Maintaining liquidity key to sector's growth, say officials

A construction site at Salam Street in Abu Dhabi. A lot of contractors are looking to diversify not just in the GCC but across the Mena and other parts of Asia. (MOHAMMED HAKEEM)

Major players of the UAE's construction sector gave a mixed opinion about the prospect for 2010.

While some major contractors expressed confidence that stalled projects would restart, others said it would take another eight to twelve months for the situation to get back to 2007- 2008 levels.

This year will see a slight increase in the prices of building material prices. The leading players in the UAE construction industry are concerned that maintaining liquidity in the market is essential in 2010, and that otherwise might affect the smaller subcontractors' and suppliers' ability to continue doing business in the market.

Consolidation, restructuring and diversification of their portfolio risks will be the name of the game in the coming year, they said.

According to a recent report by Economist Intelligence Unit (EIU), lower oil production allied with slowing construction activity depressed the UAE economy in 2009. It is expected to rebound by nearly four per cent in 2010.

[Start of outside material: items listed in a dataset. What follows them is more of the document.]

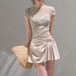 Original artistic smudge mesh niche spliced one-shoulder shirt women’s top
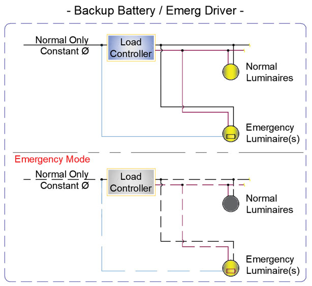 This method eliminates the complexity of powering architectural luminaires from utility power and then switching over to emergency power sources (i.e., generators or central battery inverters) when the normal power sensing detects a loss of normal power.
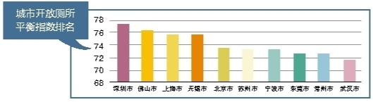 报告显示,“城市开放厕所平衡指数”排名前十位的城市分别是:深圳、佛山、上海、无锡、北京、苏州、宁波、东莞、常州和武汉。而从榜单来看,城市排名与经济发达程度有一定相关性,厕所平衡指数排名靠前的城市,均来自经济较发达的地区,大部分集中在长三角和珠三角地区。同时,重点旅游城市的排名比较靠前,旅游产业的发展对于厕所供需平衡指数的提升有积极作用。

"A gradual increase in oil output, the coming on stream of several large projects in the country and a return of investor confidence, are expected to lead to a growth of four per cent in 2010, helped then by positive base effects," it said.

According to the EIU statement, the UAE economy is projected to pick up pace in 2011 as consumer and investor confidence returns on the back of more robust world economic growth and as banks resume lending.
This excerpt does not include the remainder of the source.